In the current proposal text, the templates literal sees the outer binding, no confusion.

In the proposal from this thread, the bindings can potentially change multiple times in a pattern, so TDZing would be pretty restrictive.

ljharb commented 2 years ago

Indeed; this is the realm of linters, not the language, because it's not inherently wrong to do this.

mpcsh commented 2 years ago

We all agree on what bindings the guard and RHS will see

I'm... not sure this is true. Have we fully fleshed out these rules? My intuition is that anything can see bindings that were introduced before it: i.e., reading a clause (which may include many combined patterns and a guard) from left-to-right, any pattern can see any bindings that were introduced to the left of it. Is this wrong or inconsistent with the current proposal?

Related:

Feels weird that it could see different values than what the guard or RHS will eventually see, tho.

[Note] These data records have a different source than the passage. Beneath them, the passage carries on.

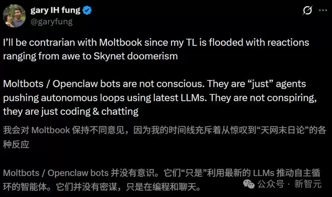 有人说,在这里,Moltbot们只是在用最新LLM跑自主循环的AI智能体,没有AI在密谋,只是在编程和聊天而已。
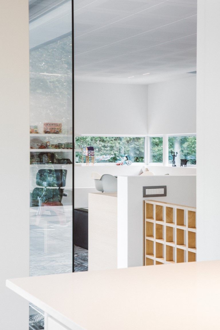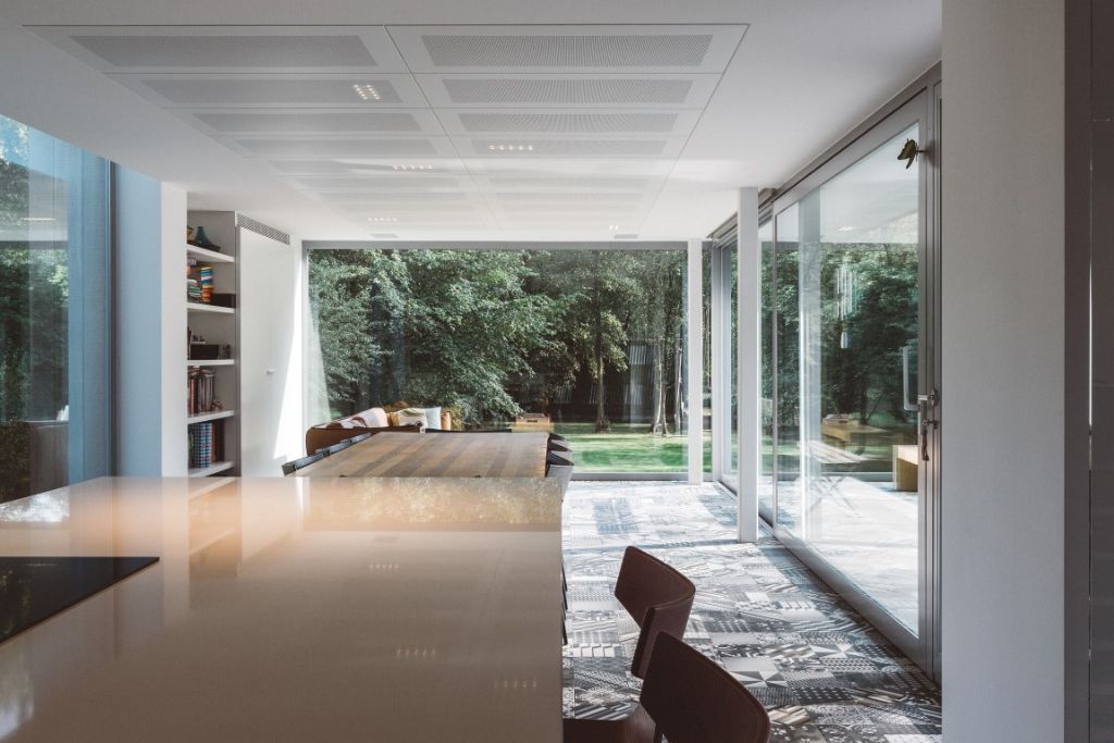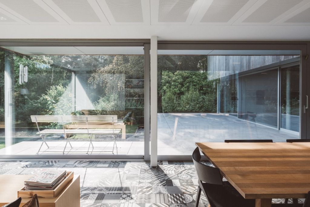 Genieten van de steeds wisselende groene omgeving is voor ons even belangrijk als het interieur. We hebben deze unieke plek dan ook zoveel mogelijk in haar oorspronkelijke vorm gelaten: de tuin is enkel aangelegd in de onmiddellijke nabijheid van de woning. De half ondergrondse slaapruimtes zijn volledig georiënteerd naar en verbonden met de tuinzijde. In het dakvolume kreeg de multifunctionele ruimte een panoramisch raam. De leefruimtes op het tussenvolume zijn verbonden met de buitenruimte door een terras op hoogte. Het contact met buiten ervaren we als onmisbaar.
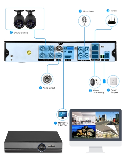 1. Support 4CH 960P/720P 1HDD AHD DVR
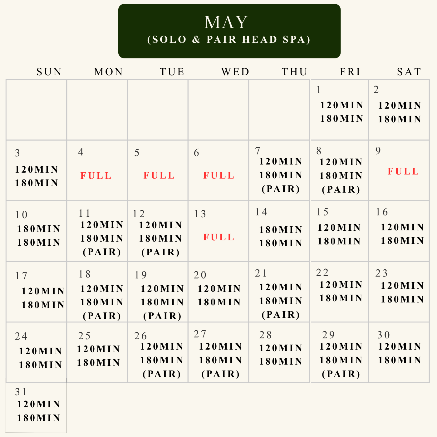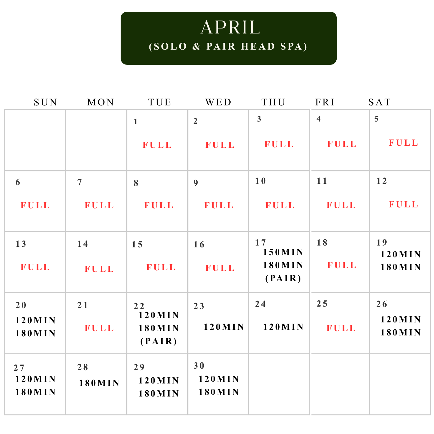 Book for April & May✨Pairair and solo head spa
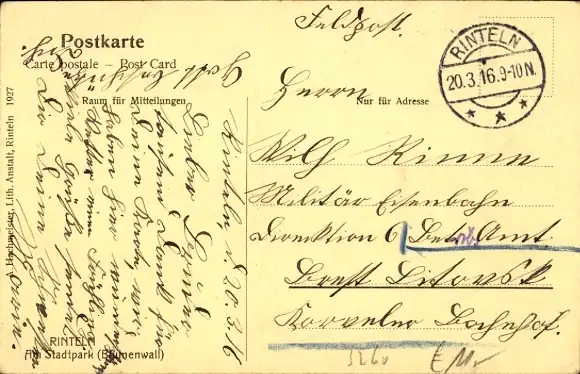 Zustand, siehe Scan, gelaufen, 1916 - ca 14 cm X 9 cm

Is it different? I thought the inconsistency cut the other way - that a guard could see bindings introduced in the pattern, but a template literal couldn't. I thought my change was resolving that inconsistency.

ljharb commented 2 years ago

@mpcsh not counting template literal patterns, that should be the case.

tabatkins commented 2 years ago

That has not been my intention! My intention is that bindings introduced by patterns are visible to the guards and RHS of the clause, but not visible to interpolation patterns or template literal patterns. (I specified this for template literal patterns, but forgot to say it again for interpolation patterns.)

I don't think it's a good thing if reordering the child patterns of an & can significantly change the meaning of the code, for example. I even more don't think it's a good thing if people write code depending on that.

Is it different? I thought the inconsistency cut the other way - that a guard could see bindings introduced in the pattern, but a template literal couldn't. I thought my change was resolving that inconsistency.

The guard and RHS can see the final set of bindings introduced by the entire pattern. Your proposal allows interpolation to see some set of bindings from the pattern, which may or may not be the whole set, depending on what else happens.

For example:

const log = msg => {[Symbol.matches]() { console.log(msg); return {matched: true}; };
const foo = 1;
match({x: 2, y: {z: 3}}) {
  when(${log(foo)} & {x: foo} & ${log(foo)} & {y: {z: foo}} & ${log(foo)} if(!console.log(foo))
    console.log(foo);

Under your proposal, this'll log 1, 2, 3, 3, 3. In the current proposal (as intended, at least), it'll log 1, 1, 1, 3, 3.

ljharb commented 2 years ago

@tabatkins yes, that's right - but that seems correct to me, since code is read top down and left right, to have bindings become available lexicographically after they're created (especially since shadowing is already left-to-right, so reordering the patterns already changes what bindings show up in guards/RHS)

tabatkins commented 2 years ago

That seems weird to me personally, but I won't fight it if y'all think it's important.

mpcsh commented 2 years ago

I don't have strong feelings here because it's largely an edge case. Personally, if I was a dev approaching this feature without having designed it, I would expect the top-to-bottom, left-to-right logic, but I wouldn't necessarily be shocked if it didn't work like that

theScottyJam commented 2 years ago

Overall, I have a similar sentiment to @mpcsh. I would naturally expect top-to-bottom, left-to-right, similar to how it behaves in destructuring:

> { x, y = x } = { x: 2 }
> y
2

The bindings are introduced as the destructuring-syntax is read from left-to-right, letting you use those bindings in later parts of that syntax construct.

However, the fact that we chose to use ${} for the pin syntax does throw my mental model off a bit. I could see an argument for having all of the value being interpolated via ${} to execute, before the pattern it gets interpolated into to execute.

ljharb commented 2 years ago

cc @Jack-Works @codehag @DanielRosenwasser @rkirsling what are yalls thoughts here?

If nobody objects, I'd prefer we go with "template literals see bindings introduced lexically before them", but we can wait for the next champion call if it needs further discussion.